Stringer was the last studio CEO to be approached and agree to the controversial ban on the Oscar screeners ban, doing so somewhat ambivalently.
In his Town Hall Los Angeles address at the Beverly Hilton, he stressed empathy for indie film companies and the majors’ specialty labels, which say they will be most damaged by the action given smaller marketing budgets to reach Oscar voters.
“I know what it’s like to sing noisily for my supper and the difficulty of getting into the crowded marketplace,” said Stringer, who in a former life was a documentary filmmaker.
As for why he agreed to the screeners ban — which he called a “complex issue” — despite his reservations, he said: “I wanted to enter the debate thoughtfully without upsetting the apple cart.”
He said he did not know if a compromise would result from a meeting today with Jack Valenti and studio heads, nor if he would be part of the conversation.
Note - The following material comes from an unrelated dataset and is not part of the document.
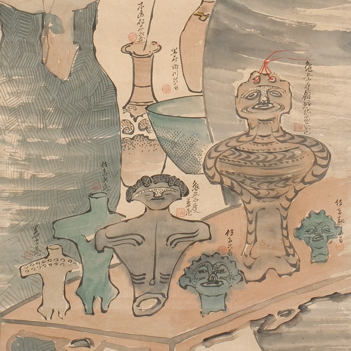 この時代は「伝統論争」といわれる「縄文(土偶)」と「弥生(ハニワ)」のどちらに日本の文化的なシンボルを託すのかという論争が建築分野を中心に起こり、弥生派として丹下健三が、縄文派として白井晟一が対抗し合った。いっぽう、美術の分野ではイサム・ノグチ、宇野三吾、建畠覚造らが陶芸や木彫でハニワをモチーフとした立体を制作。いっぽう、岡本太郎が土偶に日本の原点としての美を見出したことは有名だろう。

As though addressing the fears of the indie community, Stringer emphasized the power of word of mouth acclaim when it came to promoting a film. “This business is subtly about word of mouth,” he said. Word of mouth from “the critical community” and “the water cooler,” he said, were important vehicles for buzz.
The core of Stringer’s speech, however, condemned piracy, which he said is responsible for the loss of $3 billion-$4 billion in the film industry and almost $7 billion in the music industry.
“Piracy is the critical issue of the digital age,” he said. “Its scope is vast, its practitioners relentless.”
He went on to suggest that the film industry could learn from the music industry’s “multipronged” approached to fighting piracy — education, litigation and the creation of legitimate alternatives — but that the music industry had “missed more than one boat” along the way.
Sony, he said, was committed to developing new DRM (digital rights management) strategies.
Finally, Stringer stressed the growing importance in the digital age of companies like Sony, which produce both entertainment and entertainment technology.
“As content and development become more intertwined, companies like Sony will help drive the demand for hardware,” he said.
The chieftain opened his remarks with an introduction of Sony’s latest robot QRIO, who showed off his latest moves to music for the audience, and quips about California politics.
“I’ve spoken with studio execs who are worried about Arnold Schwarzenegger. They’re afraid that he’s so ambitious that he won’t be satisfied just as governor,” he said. The fear is that the Governator will want the ultimate power position: running a studio.